Give the entries back exactly as they stand, but without pictures.

Records contained in a dataset:
= = = =
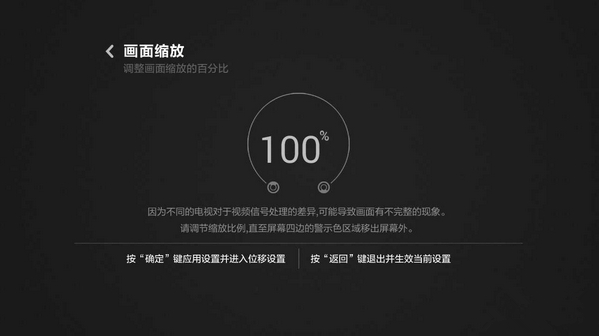 在这里小编要提醒各位,若是在小米盒子在显示时并未铺满整个屏幕,从而导致画面不完整的现象,我们可以选择通过画面的缩放和位移来进行调整。
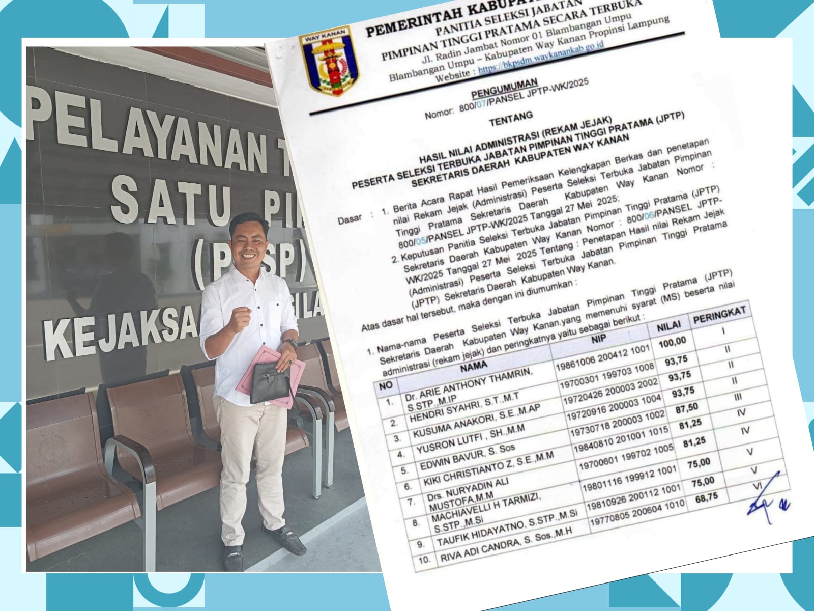 Nama Dr. Arie Anthony Thamrin, S.STP., M.IP, muncul sebagai peserta dengan nilai sempurna 100 dan peringkat pertama. Namun, publik terkejut saat mengetahui bahwa Arie adalah sepupu kandung Bupati dan Ketua DPRD Way Kanan, yang juga bersaudara.
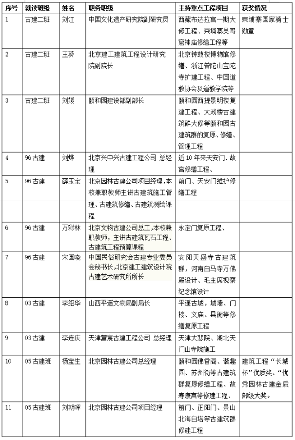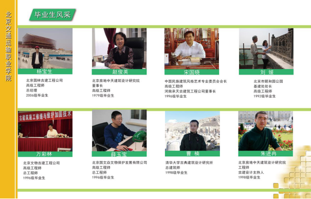 本校自1990年起該專業畢業生在古建筑行業起了越來越大的作用,歷經30多年的教學,如今的古建筑工程企業中,早期畢業生早已經成為企業骨干,國家各個重點工程項目中均能看到他們的身影,近幾年的畢業生也正在逐步的在行業中發揮著重要的作用。
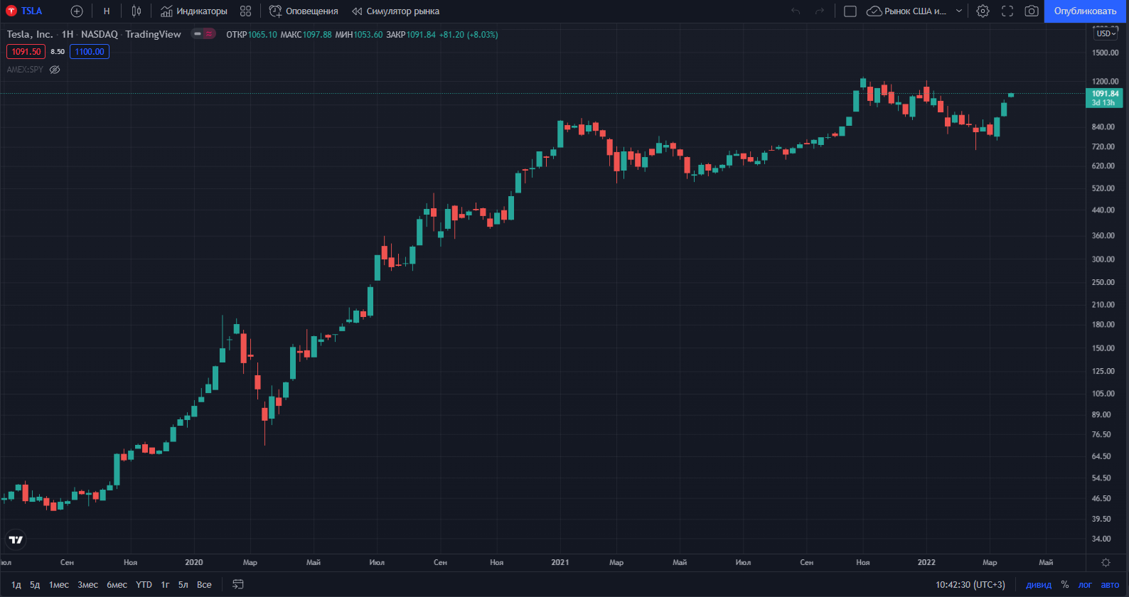 Если взглянуть на акции компании Tesla в динамике, за 5 лет можно увидеть рост в ~2000%, за год – в ~80%, за месяц – в 26%. Конечно, Тесла - это далеко не космос, но со своими делами справляется на ура.
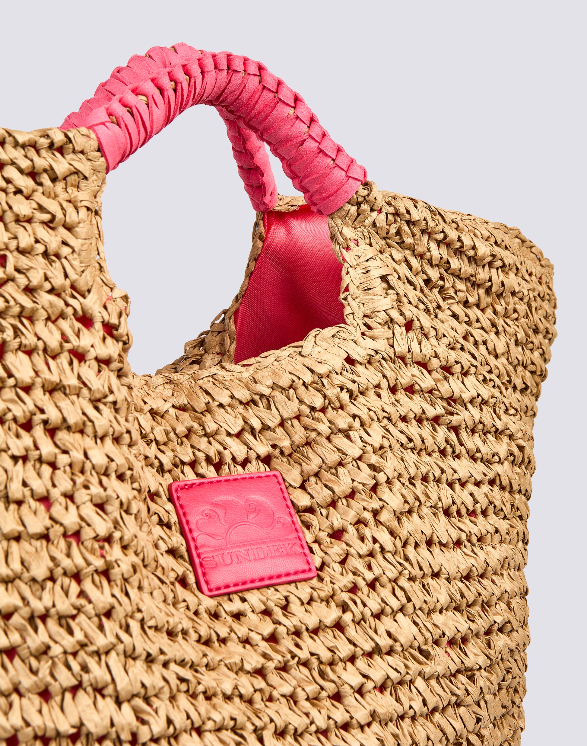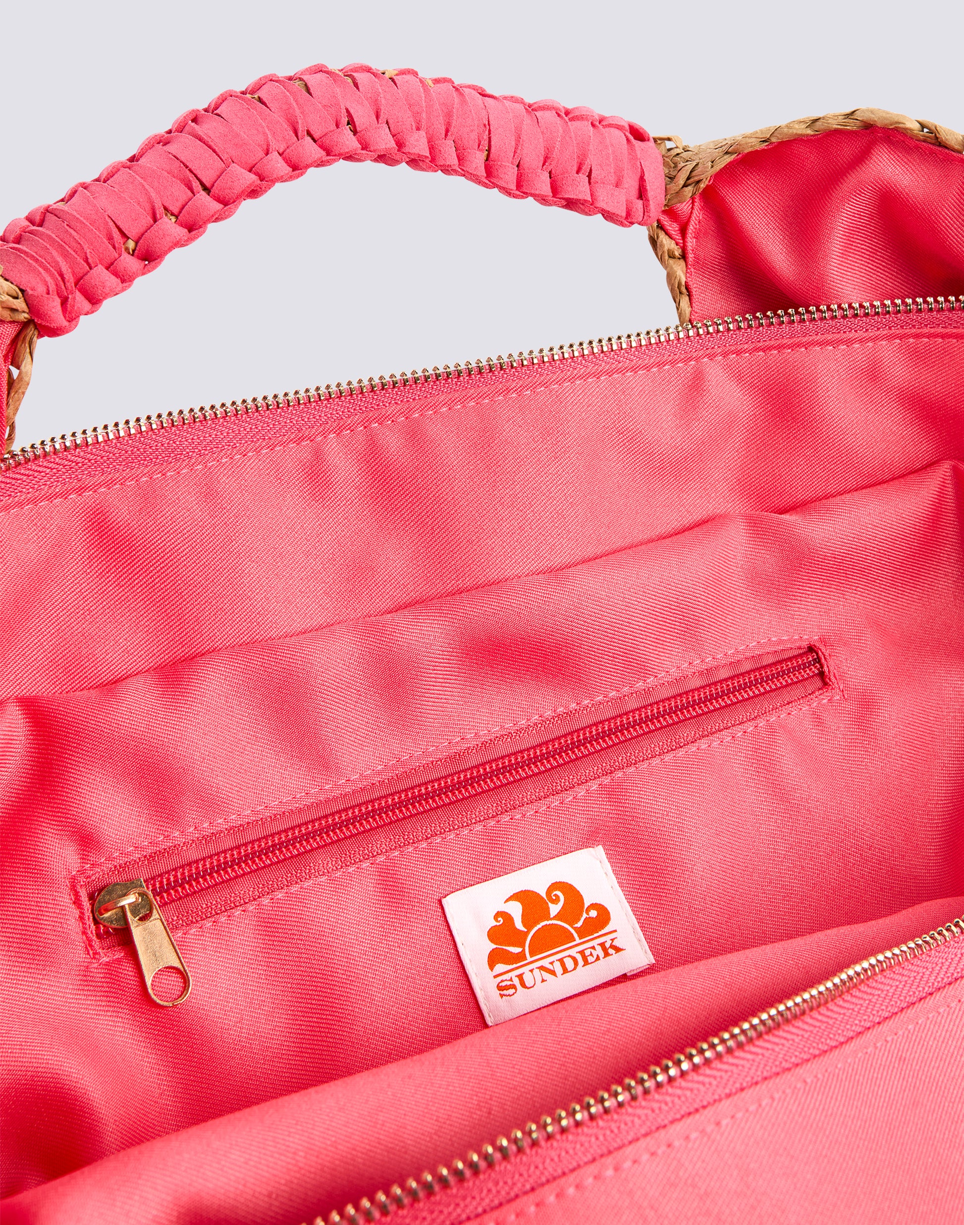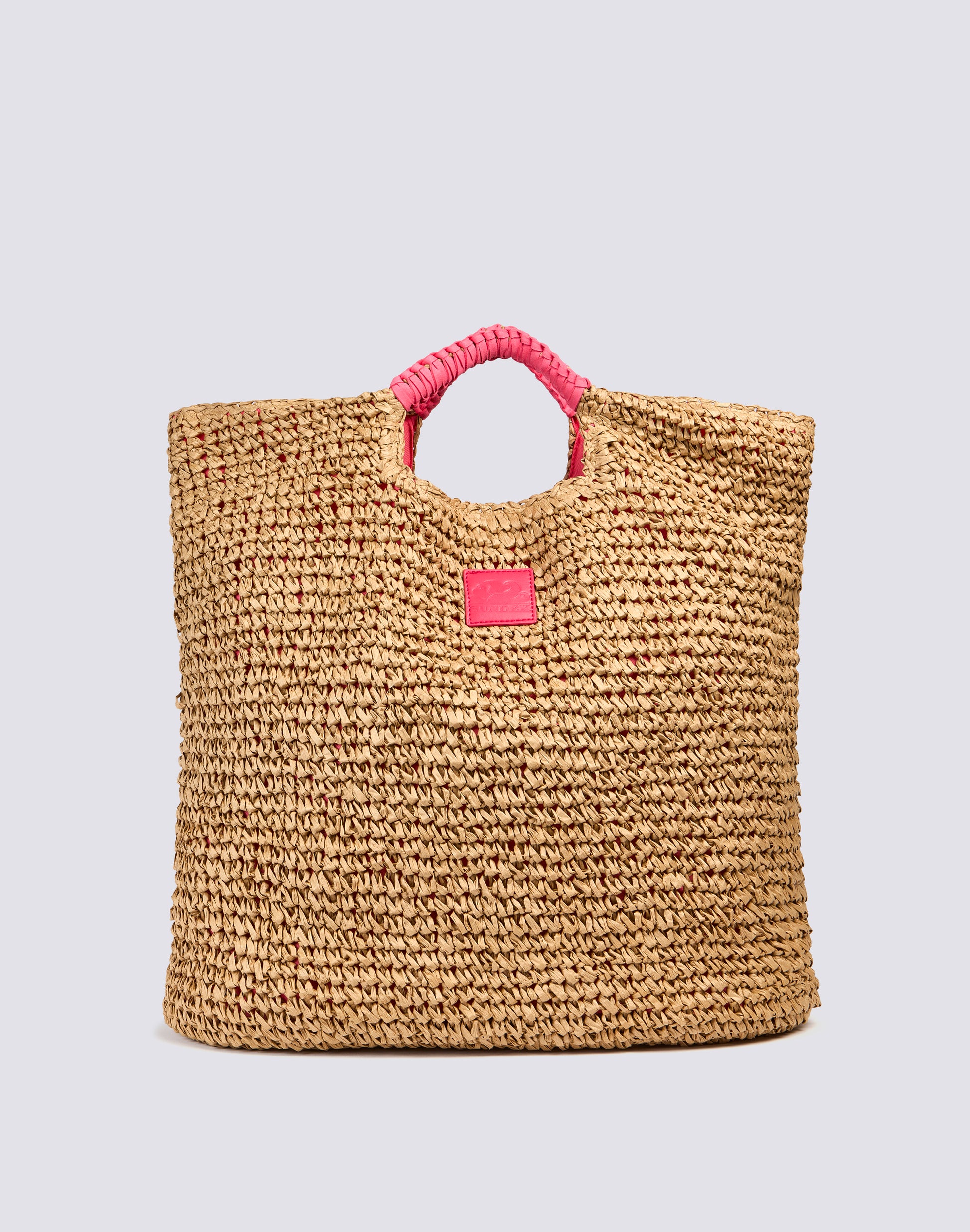 Shopping bag in straw-effect paper with contrasting handles. Roomy, equipped with a central zip closure, it is ideal for a walk or as a beach bag.
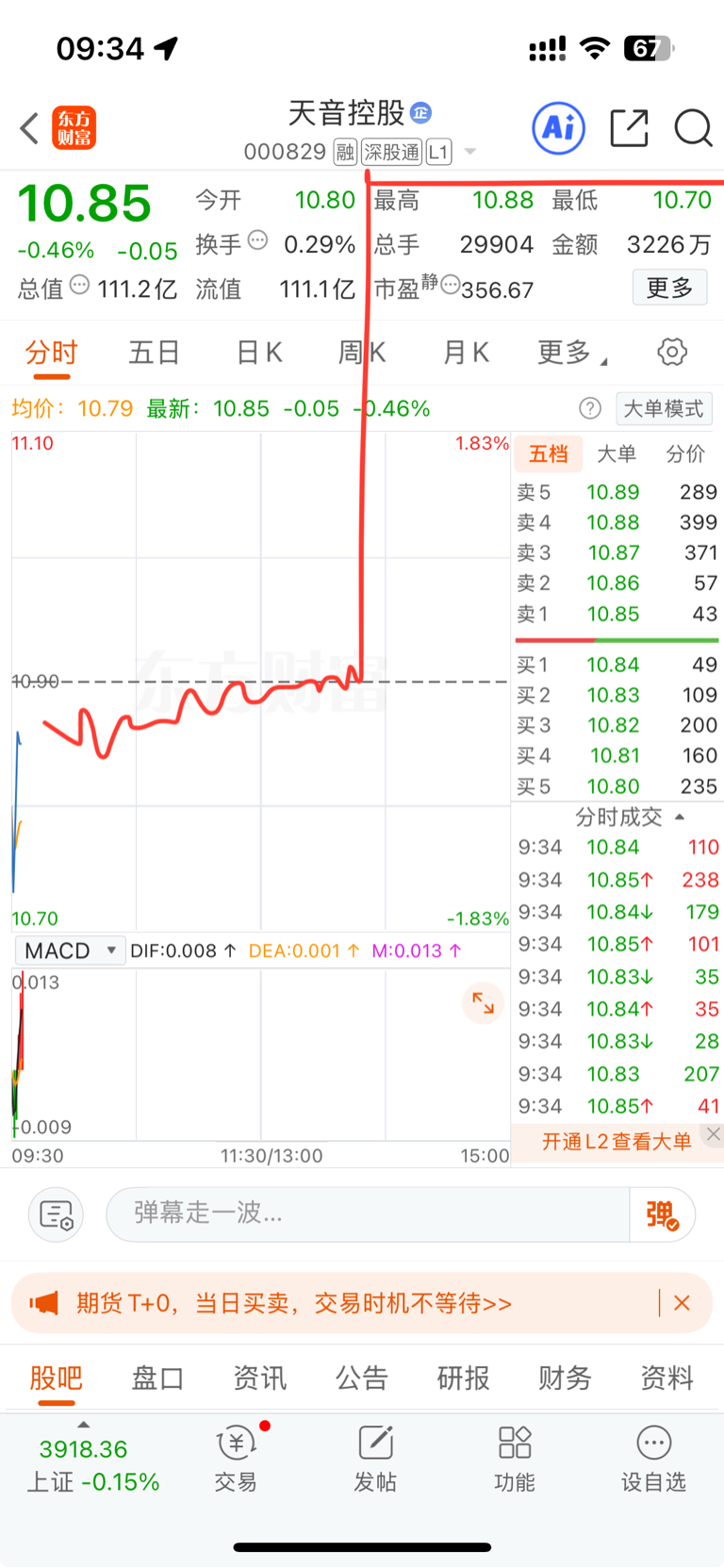 $天音控股(SZ000829)$ 高开要套人,低开要是好事…………
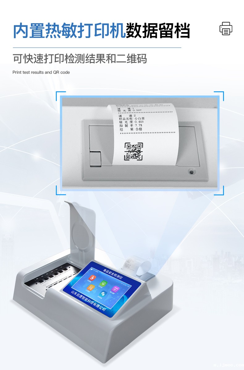 5、配备新一代嵌入式热敏打印机,可选择手动打印或者自动打印,检测完成可自动打印检测报告和二维码。
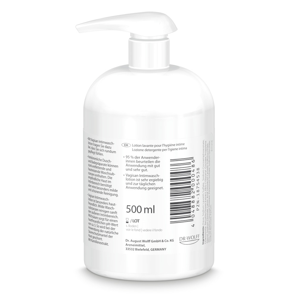 Vagisan Intimwaschlotion ist eine besonders sanfte Waschlotion für den äußeren Intimbereich. Der natürliche Säureschutzmantel bleibt durch die milden Inhaltsstoffe bei der Intimreinigung erhalten, und die empfindliche Haut im Intimbereich wird geschont, ein wertvoller Beitrag für eine gesunde Intimhygiene. Zusätzlich beruhigt der in der Waschlotion enthaltene Kamillenextrakt während der Reinigung im Intimbereich die empfindliche Haut. Vagisan Intimwaschlotion ist sehr gut verträglich und eignet sich auch bei trockener Haut für die tägliche Anwendung.
= = = =
▸ **Reply**
 在这里小编要提醒各位,若是在小米盒子在显示时并未铺满整个屏幕,从而导致画面不完整的现象,我们可以选择通过画面的缩放和位移来进行调整。
 Nama Dr. Arie Anthony Thamrin, S.STP., M.IP, muncul sebagai peserta dengan nilai sempurna 100 dan peringkat pertama. Namun, publik terkejut saat mengetahui bahwa Arie adalah sepupu kandung Bupati dan Ketua DPRD Way Kanan, yang juga bersaudara.
 本校自1990年起該專業畢業生在古建筑行業起了越來越大的作用,歷經30多年的教學,如今的古建筑工程企業中,早期畢業生早已經成為企業骨干,國家各個重點工程項目中均能看到他們的身影,近幾年的畢業生也正在逐步的在行業中發揮著重要的作用。
 Если взглянуть на акции компании Tesla в динамике, за 5 лет можно увидеть рост в ~2000%, за год – в ~80%, за месяц – в 26%. Конечно, Тесла - это далеко не космос, но со своими делами справляется на ура.
 Shopping bag in straw-effect paper with contrasting handles. Roomy, equipped with a central zip closure, it is ideal for a walk or as a beach bag.
 $天音控股(SZ000829)$ 高开要套人,低开要是好事…………
 5、配备新一代嵌入式热敏打印机,可选择手动打印或者自动打印,检测完成可自动打印检测报告和二维码。
 Vagisan Intimwaschlotion ist eine besonders sanfte Waschlotion für den äußeren Intimbereich. Der natürliche Säureschutzmantel bleibt durch die milden Inhaltsstoffe bei der Intimreinigung erhalten, und die empfindliche Haut im Intimbereich wird geschont, ein wertvoller Beitrag für eine gesunde Intimhygiene. Zusätzlich beruhigt der in der Waschlotion enthaltene Kamillenextrakt während der Reinigung im Intimbereich die empfindliche Haut. Vagisan Intimwaschlotion ist sehr gut verträglich und eignet sich auch bei trockener Haut für die tägliche Anwendung.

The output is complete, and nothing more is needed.